We talked about the conductor being a piece of wire that is often
wrapped into a coil, but the conductor does not need to be in
the shape of a coil and does not even need to be wire. It could
be a piece of flat steel, aluminum plate, or any other conductive
object. The only requirement is that the object must be able to
conduct electrical current.
When current is induced in a conductor
such as the square piece of metal shown above, the induced current
often flows in small circles that are strongest at the surface
and penetrate a short distance into the material. These current
flow patterns are thought to resemble eddies in a stream, which
are the tornado looking swirls of the water that we sometimes
see. Because of this presumed resemblance, the electrical currents
were named eddy currents.
Uses of eddy currents
Just like in our transformer experiment,
these induced eddy currents generate their own magnetic field.
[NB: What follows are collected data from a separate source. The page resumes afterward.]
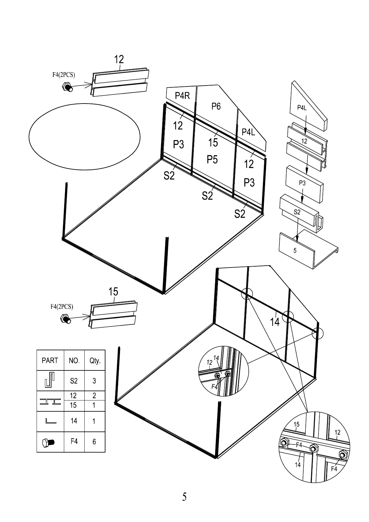 1.Attach panels P3-P5-P3
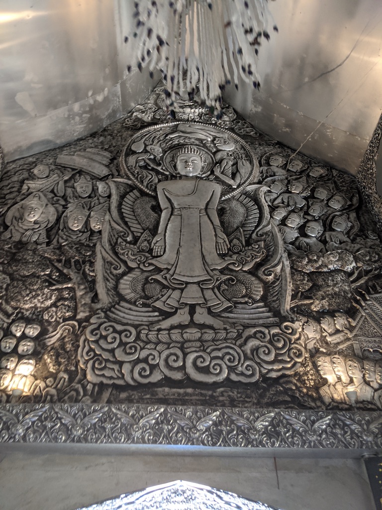 Observando no detalhe, é possível ver uma grande variedade de decorações nos painéis de prata dos dois lados do templo, com esculturas em prata incrivelmente detalhadas exibindo cenas e momentos-chave da vida de Buda. Há também figuras da vida rural, mitologia, animais do horóscopo chinês, entre outras. Embora não seja prata pura, mas uma liga de alumínio e prata, ela parece bem real e lindamente trabalhada.
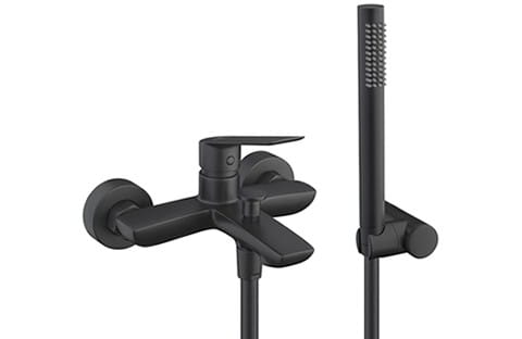 Bateria prysznicowo-wannowa 19x11 cm z rączką prysznicową i wężem kompletna Demm Sleek 9900 czarny mat
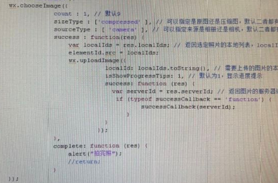 安卓部分机型wx.chooseImage时无法回调complete,调出拍照/取消只能选择拍照,若选择取消则点击页面任何按钮无反应,需按下物理返回键才可进行后续操作。
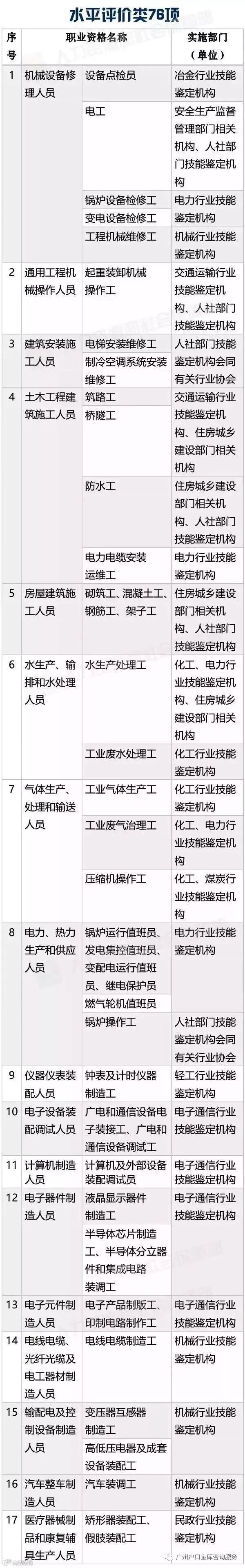 一些可用于广州入户的工种还在
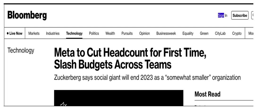 上个月底,在每周举行的员工问答会上,扎克伯格明确表示Meta将进行重组团队和裁员计划,用以削减开支和调整优先事项,而这是自2004年Facebook成立以来的首次大规模预算削减。此外,扎克伯格还直言“Meta将稳步减少员工数量的增长,2023年Meta的规模会比今年小。”
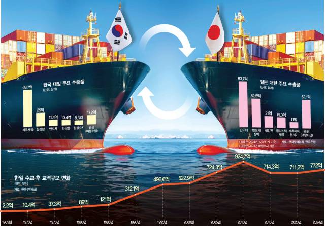 한일 수교 60주년을 맞아 양국이 그동안의 갈등을 딛고 한 단계 더 성숙한 협력 관계로 나아가야 한다는 주장이 힘을 얻고 있다. 미중 갈등이 심화하는 등 기존 무역 질서가 흔들리는 상황에서 소재와 부품이 강한 일본과 생산이 강한 한국이 파트너십을 이룬다면 유럽연합(EU)보다 강력한 경제 블록으로 영향력을 발휘할 수 있다는 분석이다. 그동안 반일을 외쳐온 여당 내부에서도 한일 자유무역협정(FTA)을 검토해야 한다는 목소리가 나오고 있는 것으로 확인됐다.
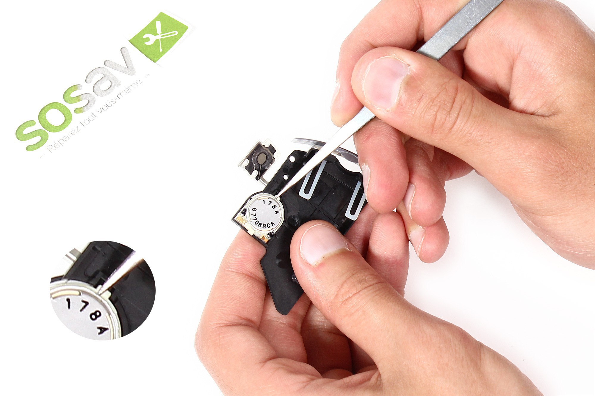 A l’aide de la pince, déclipsez le haut-parleur gauche de la carte complète puis procédez à son retrait.
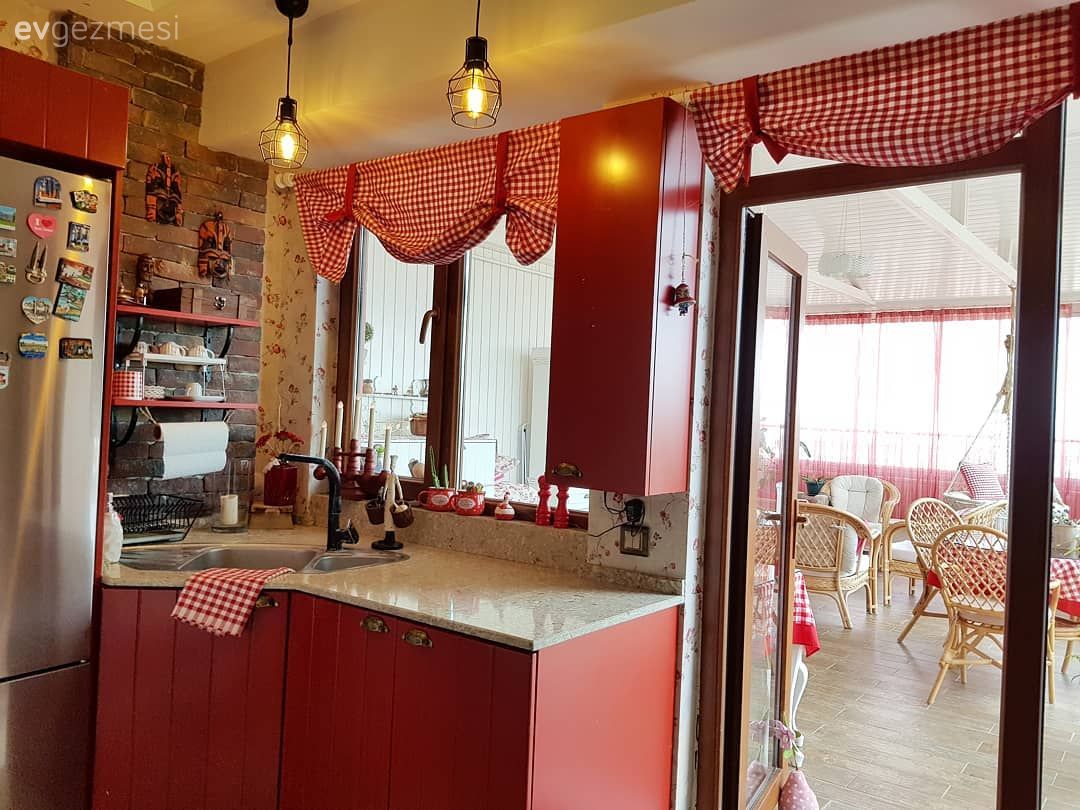 Dubleks evler, Mutfak, Kırmızı mutfak, Mutfak tezgahı, Mutfak tezgah arası, Taş duvar, Duvar dekorasyonu, Mutfak duvar dekorasyonu, Mutfak Avize Modelleri, Mutfak perdesi, Duvar kağıdı, Çiçekli desen, Desenler, Mutfak rafı, Pötikare kumaş, Beyaz

After all, this is an actual electrical current and any current
flowing in a conductor produces a magnetic field, right? The detection
and measurements of the strength of the magnetic fields produced
by the eddy currents makes it possible for us to learn things
about conductive materials without even contacting them. For example,
the electrical conductivity of a material can be determined by
the strength of the eddy currents that form. Also since cracks
and other breaks in the surface of a material will prevent eddy
currents from forming in that region of the surface, eddy currents
can be used to detect cracks in materials. This is referred to
as eddy current testing in the field of nondestructive testing
(NDT). NDT technicians and engineers use eddy current testing
to find cracks and other flaws in part of airplanes and other
systems where bad things can happen if the part breaks. On the
next page you will learn more about eddy current testing and be
able to try an inspection yourself.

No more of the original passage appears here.